== Segment start ==

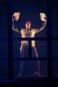 The production was directed by David Attie. It was a very good work with projections exploring different elements of Alcira’s mind, including the reptile traits. But, also it consisted of some flexible panels resembling the windows of the building, behind those panels we could see the toilets services. The use of all the material was very good, giving always a reason for each element on the stage. It was for me interesting the separation of the singing part and the acting part because it reminds me the distinction that Adorno does between audience who wish to sing, but cannot, and the singers who are able to express the desires of the audience. Considering this perspective Alcira stands for a poet thought that moves in the world of ideas and ideals. The work in the whole was very good, maybe some elements might be extra, as for my taste, but that it is a just personal choice. I highly recommend this work and I am hoping to see it again because it should have had more than three performances.
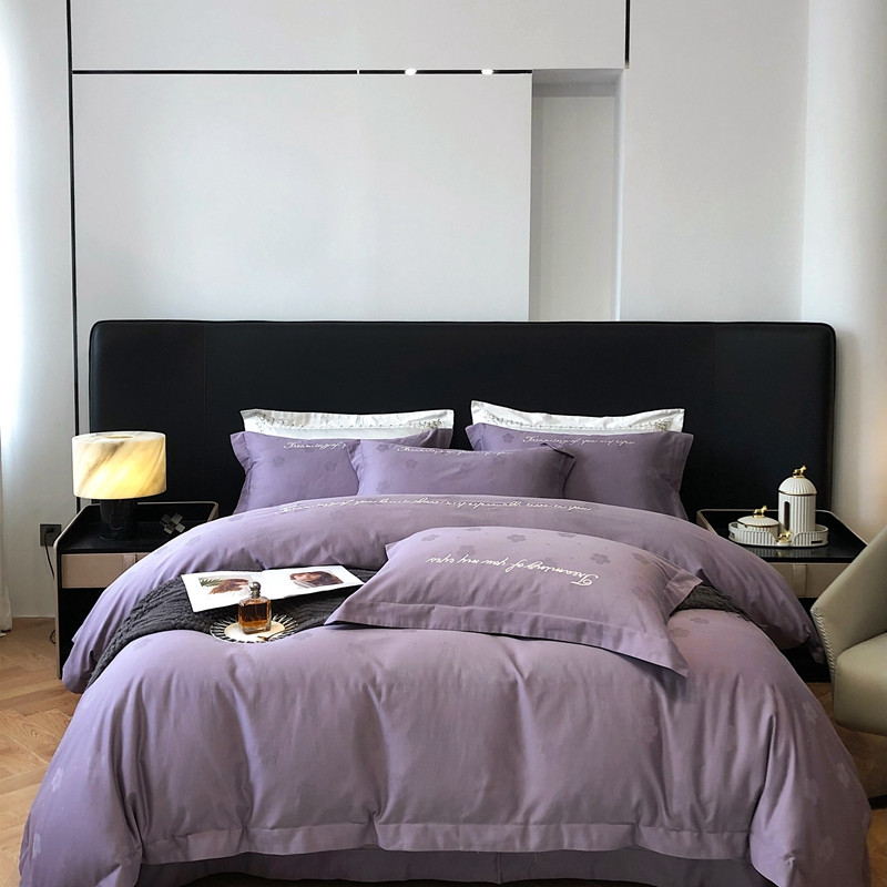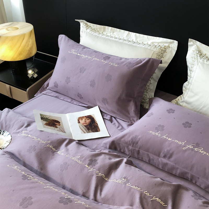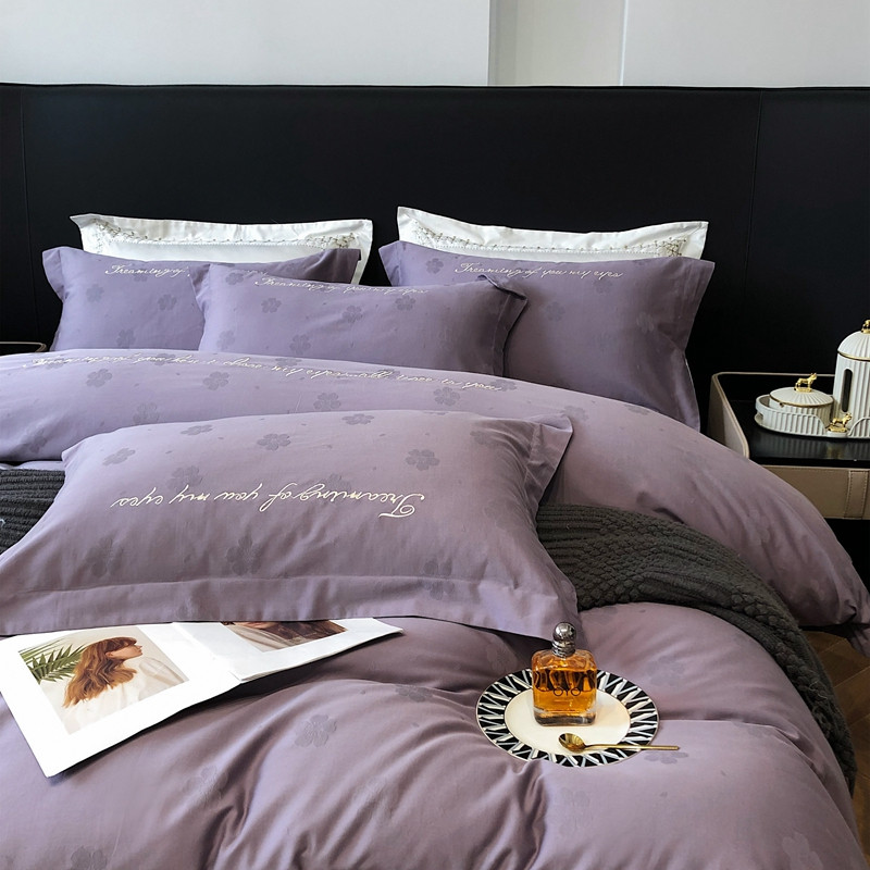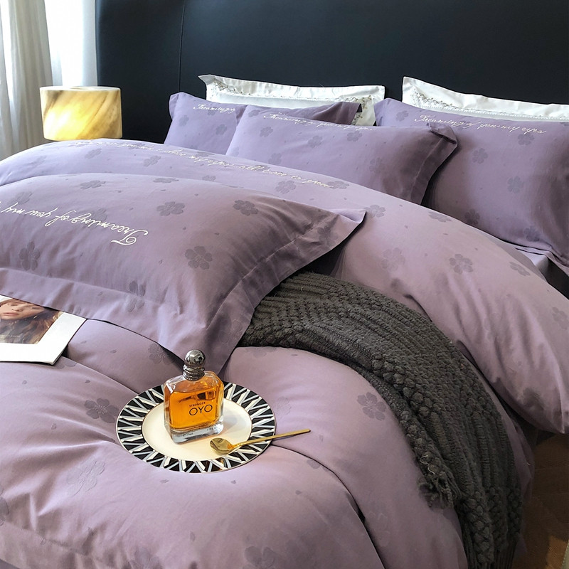 玖玖爱家纺 2022新款120支贡缎磨毛水洗提花四件套 莫尔加仑紫
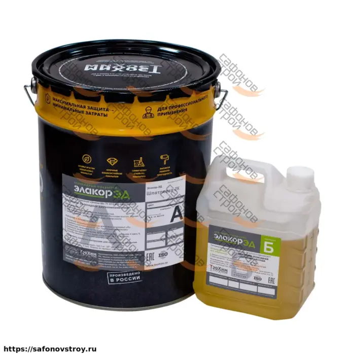 Элакор-ЭД Шпатлёвка — Двухкомпонентная эпоксидная шпатлёвка цветная. Используется для заделки мелких и крупных дефектов бетонной поверхности. Не имеет в составе растворитель. После полимеризации образует высокопрочный химстойкий полимер. Расход на 1 мм толщины 1 кг/м2.

== Segment end ==

What the exercise asks:
Set down all of the material above exactly as written, leaving the pictures out.

Exercise output:
 The production was directed by David Attie. It was a very good work with projections exploring different elements of Alcira’s mind, including the reptile traits. But, also it consisted of some flexible panels resembling the windows of the building, behind those panels we could see the toilets services. The use of all the material was very good, giving always a reason for each element on the stage. It was for me interesting the separation of the singing part and the acting part because it reminds me the distinction that Adorno does between audience who wish to sing, but cannot, and the singers who are able to express the desires of the audience. Considering this perspective Alcira stands for a poet thought that moves in the world of ideas and ideals. The work in the whole was very good, maybe some elements might be extra, as for my taste, but that it is a just personal choice. I highly recommend this work and I am hoping to see it again because it should have had more than three performances.
 玖玖爱家纺 2022新款120支贡缎磨毛水洗提花四件套 莫尔加仑紫
 Элакор-ЭД Шпатлёвка — Двухкомпонентная эпоксидная шпатлёвка цветная. Используется для заделки мелких и крупных дефектов бетонной поверхности. Не имеет в составе растворитель. После полимеризации образует высокопрочный химстойкий полимер. Расход на 1 мм толщины 1 кг/м2.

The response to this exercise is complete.